Mis tardes con Margueritte

Germain, cincuentón cuasi analfabeto, lleva una vida tranquila en un pueblecito cualquiera: sobrevive haciendo pequeños trabajos y vendiendo legumbres de su pequeño huerto; pasa las tardes con sus amigos en el café local, mantiene un romance con Anette, conductora de autobús, y procura cuidar lo mejor que puede a su insoportable madre, que lo detesta. Un día, en el parque, conoce a Margueritte, una adorable ancianita cuya única ocupación es leer y releer sus novelas favoritas. Entre estos dos seres surge una curiosa amistad materno-filial que los enriquecerá a ambos.

Becker, que comenzó su carrera cinematográfica haciendo cine negro, desde el año 1995 (Elisa) nos ha acostumbrado a un registro completamente diferente. Su estilo se ha hecho más sencillo, y gusta retratar personas y situaciones que rebosan humanidad. La fortuna de vivir, a la que sus seguidores vuelven una y otra vez, se ha convertido en la referencia obligada de este cineasta.

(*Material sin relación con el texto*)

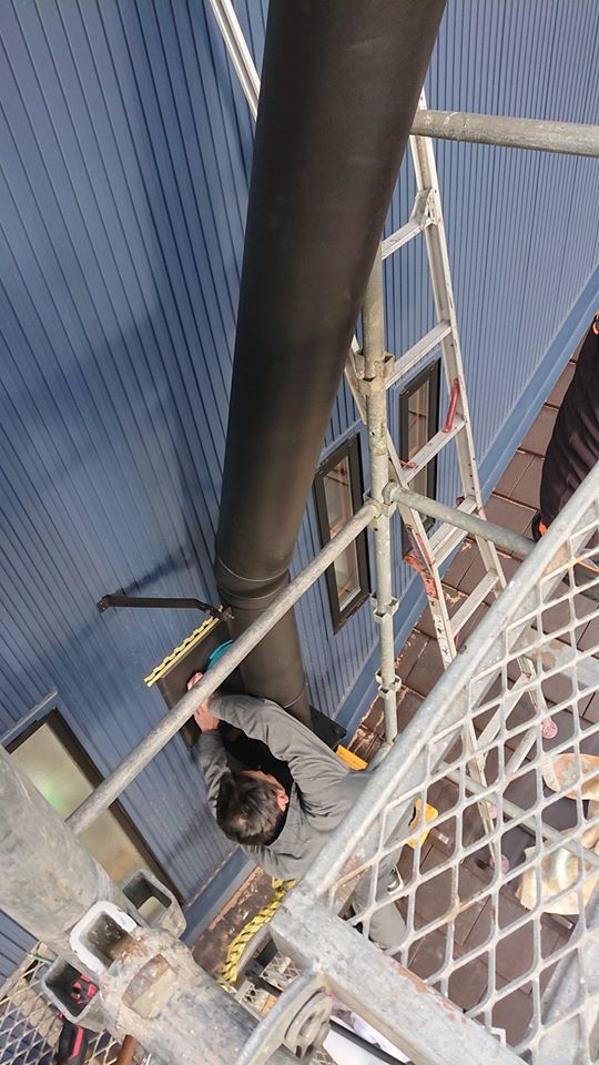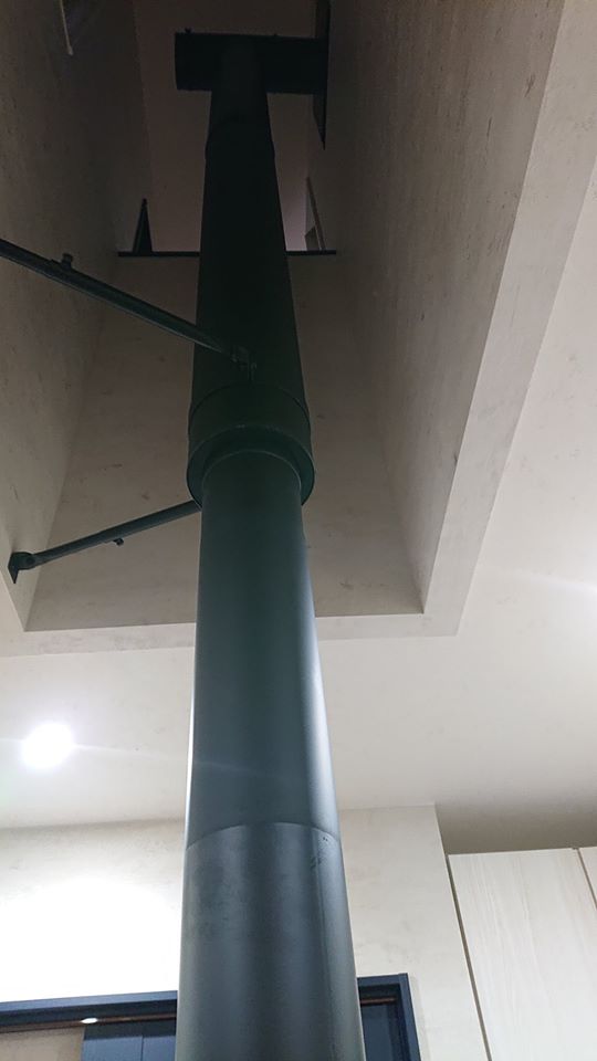 適切な場所にバンドを取付てシーリングもしっかり行い、煙筒のトップまで組み上げ完了!

Basada en una notable novela de Marie-Sabine Roger, responde plenamente al modo actual de trabajar de Becker. Se trata de una oda a la vida, que se manifiesta en lugares sencillos -Becker adora los pueblos y la sabiduría popular- y con gente sencilla, con pequeños problemas, con sus pequeñas mezquindades, pero todos ellos retratados como personas amables, llenas de humanidad. La cámara de Becker, llena de ternura, fotografía ese milagro, la improbable amistad entre dos personajes a los que separan 45 años y 50 kilos.

Historia pequeña, pero contada maravillosamente. Becker es un maestro, capaz de dar relieve a las cosas más nimias, que componen la mayor parte de las vidas cotidianas de la gente. A ello hay que añadir la perfecta elección de los actores: un Gérard Depardieu capaz de hacer de analfabeto sin caer en el ridículo, y la veteranísima Gisèle Casadesus (94 años), encantadora y ligeramente maliciosa ancianita, en la cima de su arte. Entre los dos hacen casi toda la película, que avanza con su presencia y sus palabras -acción propiamente dicha no hay-, despiertan un formidable carrusel de emociones y hacen que el espectador salga de la sala con una sonrisa en la boca.